Creating PCA profiles and their correlation matrices
- Bioactives-BBBC022-Gustafsdottir :
./profile_pca.R --name=Bioactives-BBBC022-Gustafsdottir --batch=BBBC022_2013 --plate="../input/processed_plates_BBBC022.txt" --feats="../input/feature_list_BBBC022.txt" --col="Metadata_broad_sample" --value="DMSO"
./evaluate_pca.R --name=Bioactives-BBBC022-Gustafsdottir --batch=BBBC022_2013 --plate="../input/processed_plates_BBBC022.txt" --feats="../input/feature_list_BBBC022.txt" --meta="../input/metadata_BBBC022.csv" --col="Metadata_broad_sample" --value="DMSO"
- TA-ORF-BBBC037-Rohban :
./profile_pca.R --name=TA-ORF-BBBC037-Rohban --batch=SIGMA2_Pilot_2013_10_11 --plate="../input/processed_plates_TA.txt" --feats="../input/feature_list.txt" --col="Metadata_ASSAY_WELL_ROLE" --value="Untreated"
./evaluate_pca.R --name=TA-ORF-BBBC037-Rohban --batch=SIGMA2_Pilot_2013_10_11 --plate="../input/processed_plates_TA.txt" --feats="../input/feature_list.txt" --meta="../input/metadata_TA.csv" --col="Metadata_ASSAY_WELL_ROLE" --value="Untreated"
- CDRPBIO-BBBC036-Bray :
./profile_pca.R --name=CDRPBIO-BBBC036-Bray --batch=CDRP --plate="../input/processed_plates_CDRP_bio.txt" --feats="../input/feature_list.txt" --col="Metadata_broad_sample" --value="DMSO"
./evaluate_pca.R --name=CDRPBIO-BBBC036-Bray --batch=CDRP --plate="../input/processed_plates_CDRP_bio.txt" --feats="../input/feature_list.txt" --meta="../input/metadata_CDRP.csv" --col="Metadata_broad_sample" --value="DMSO"
Creating the treatment correlation matrices
- Bioactives-BBBC022-Gustafsdottir :
./evaluate.R -m "median" -p "../input/processed_plates_BBBC022.txt" -e ../input/metadata_BBBC022.csv -f "../input/feature_list_BBBC022.txt"
./evaluate.R -m "mad" -p "../input/processed_plates_BBBC022.txt" -e ../input/metadata_BBBC022.csv -f "../input/feature_list_BBBC022.txt"
./evaluate.R -m "cov" -p "../input/processed_plates_BBBC022.txt" -e ../input/metadata_BBBC022.csv -f "../input/feature_list_BBBC022.txt"

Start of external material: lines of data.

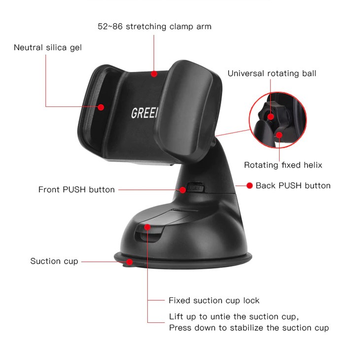 Green Series Roterande 360 graders Universal bilhållare Smart mobilhållare för bilen.
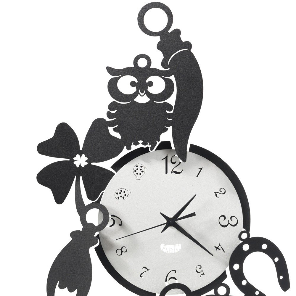 This wall clock features an original and cute designwith a circular dial and a frame of lucky symbols such as owls, horseshoes and chillies.
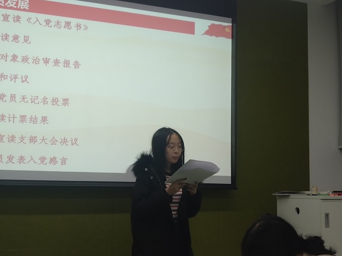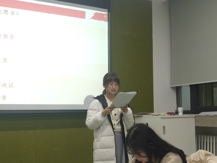 2019年11月26日下午19:30,金牌影院 本科生党支部2019-2020学年秋季学期第三次预备党员发展大会在双创中心308小组讨论室召开,会议由支部书记陈作为主持。此次大会分别针对发展对象李伊凡、吕煦彤和王馨仪三位同志的入党申请及相关情况进行了讨论和表决。 全体在场人员合唱《国际歌》后,陈作为同志对本次大会的流程和发展对象顺序进行介绍,随后李伊凡、吕煦彤和王馨仪三位同志分别宣读了他们的入党志愿书。 三位发展对象详细地阐述了自己的入党动机,并汇报了确定为入党积极分子以来在思想、实践、学业和工作中所做的努力和获得的成长。 第一介绍人宣读介绍人意见后,在场党员对发展对象的思想、学习和工作等情况进行了民主评议。大家肯定了各位发展对象在各方面的优秀成长和表现,同时针对存在的不足提出了有价值的意见和建议。最后由全体正式党员进行不记名投票。 三位发展对象均被发展为预备党员。在入党感言中,他们感谢支部各位党员同志的认可,一致表示要更加严格要求自己,继续发挥自己的长处,不断弥补自己的不足,向优秀的党员前辈学习。 会议最后,支部书记陈作为同志带领三位同志进行入党宣誓。本科生党支部2019-2020学年秋季学期预备党员发展工作圆满完成。 金牌影院 本科生党支部 武晓红 供图/供稿 |
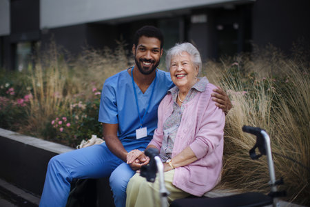 Happy senior woman sitting and talking with medical assistant in front of nurishing home.
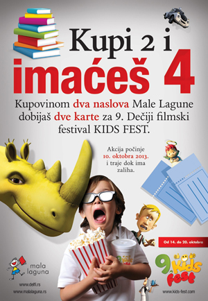 Izdavačka kuća Laguna i Dečiji filmski festival Kids Fest organizuju akciju „Kupi 2 i imaćeš 4“, što podrazumeva da kupovinom dva naslova Male Lagune dobijate dve karte za 9. Dečiji filmski festival.
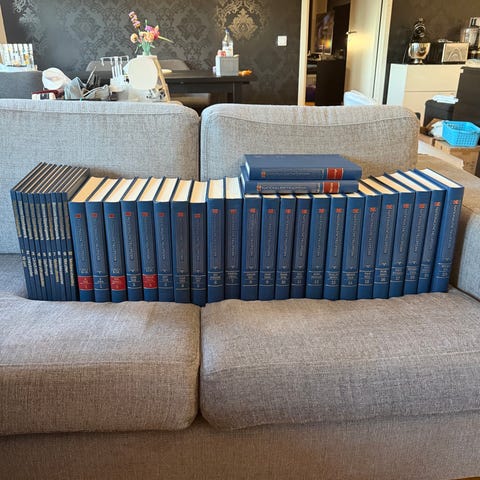 Nationalencyklopedin uppslagsverk i blå band. Flerbandsverk med alfabetiskt ordnade uppslagsord. Passar som referensverk i hem, skola eller på kontor. Antalet band och exakt upplaga framgår av bilderna. Plus en DVD.
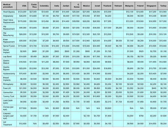 Amerika merkezli Dünya Medikal Turizm Derneği, Afrika, Asya, Amerika, Ortadoğu ve Avrupa’yı kapsayan 41 farklı ülkede yaptığı araştırma sonucunu ‘2015-2017 Medikal Turizm İndex’raporunda açıkladı. Bu raporda hastaların tedavi olmak için öncelikli tercih ettiği ülkelerin başında Kanada geliyor. Bu ülkeyi İngiltere, İsrail ve Kosta Rika ülkeleri takip ediyor. Yani bu ülkeler, ilk 5’te yer alıyor.
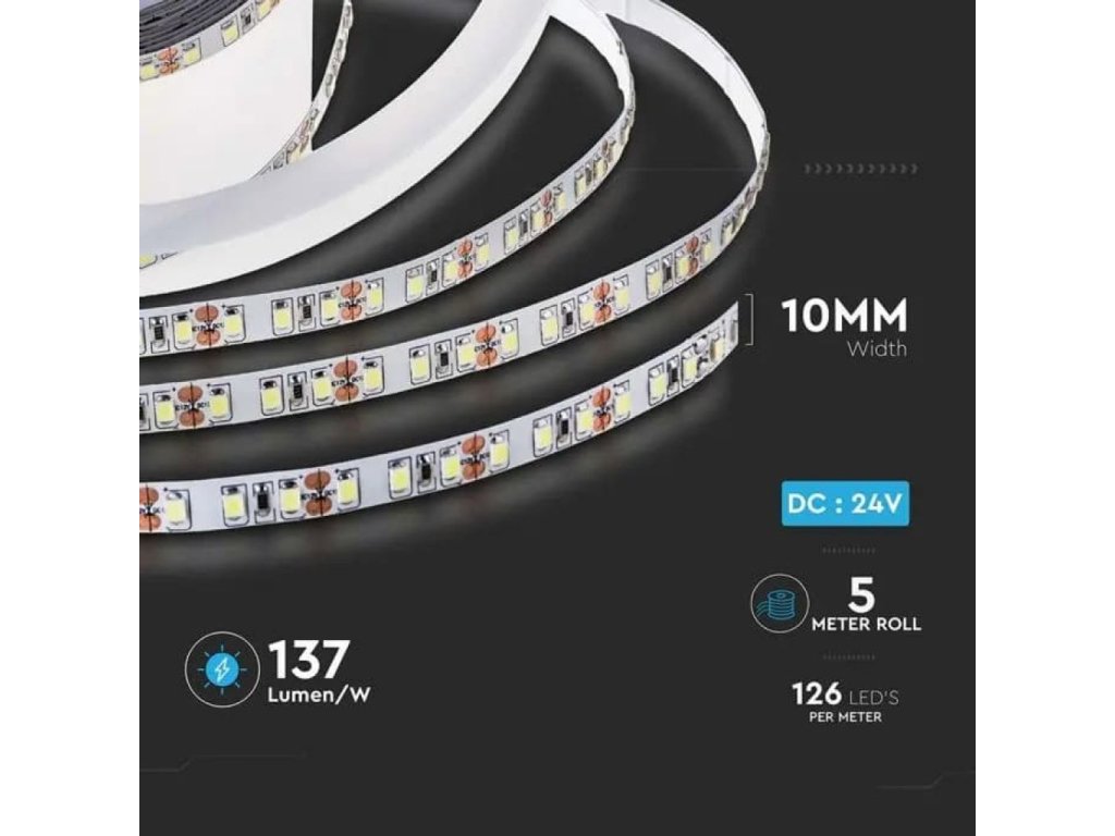 Banda LED pentru interior 8W/m, 126LED/m, IP20, 1100lm/m, 24V
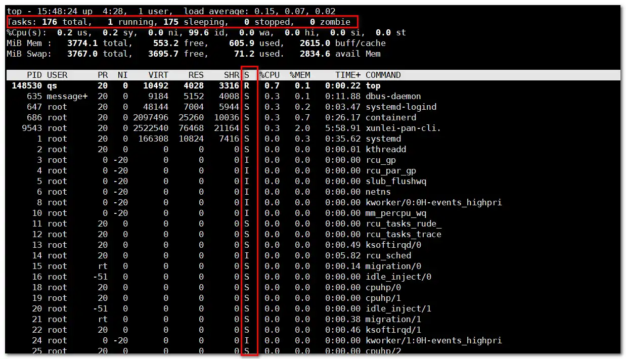 1 2 3 4 5 6 7 qs@ubuntu:~$top top - 15 :46:57 up 4 :27, 1 user, load average: 0.02 , 0.02 , 0.00 Tasks: 176 total, 1 running, 175 sleeping, 0 stopped, 0 zombie %Cpu(s): 0.2 us, 0.1 sy, 0.0 ni, 99.7 id, 0.0 wa, 0.0 hi, 0.0 si, 0.0 st MiB Mem : 3774.1 total, 548.7 free, 610.6 used, 2614.7 buff/cache MiB Swap: 3767.0 total, 3695.7 free, 71.2 used. 2829.9 avail Mem ...

./evaluate.R -m "median+mad" -p "../input/processed_plates_BBBC022.txt" -e ../input/metadata_BBBC022.csv -f "../input/feature_list_BBBC022.txt"
- TA-ORF-BBBC037-Rohban :
./evaluate.R -m "median" -p "../input/processed_plates_TA.txt" -e ../input/metadata_TA.csv -f "../input/feature_list.txt"
./evaluate.R -m "mad" -p "../input/processed_plates_TA.txt" -e ../input/metadata_TA.csv -f "../input/feature_list.txt"
./evaluate.R -m "cov" -p "../input/processed_plates_TA.txt" -e ../input/metadata_TA.csv -f "../input/feature_list.txt"
./evaluate.R -m "median+mad" -p "../input/processed_plates_TA.txt" -e ../input/metadata_TA.csv -f "../input/feature_list.txt"
- CDRPBIO-BBBC036-Bray :
./evaluate.R -m "median" -p "../input/processed_plates_CDRP_bio.txt" -e ../input/metadata_CDRP.csv -f "../input/feature_list.txt"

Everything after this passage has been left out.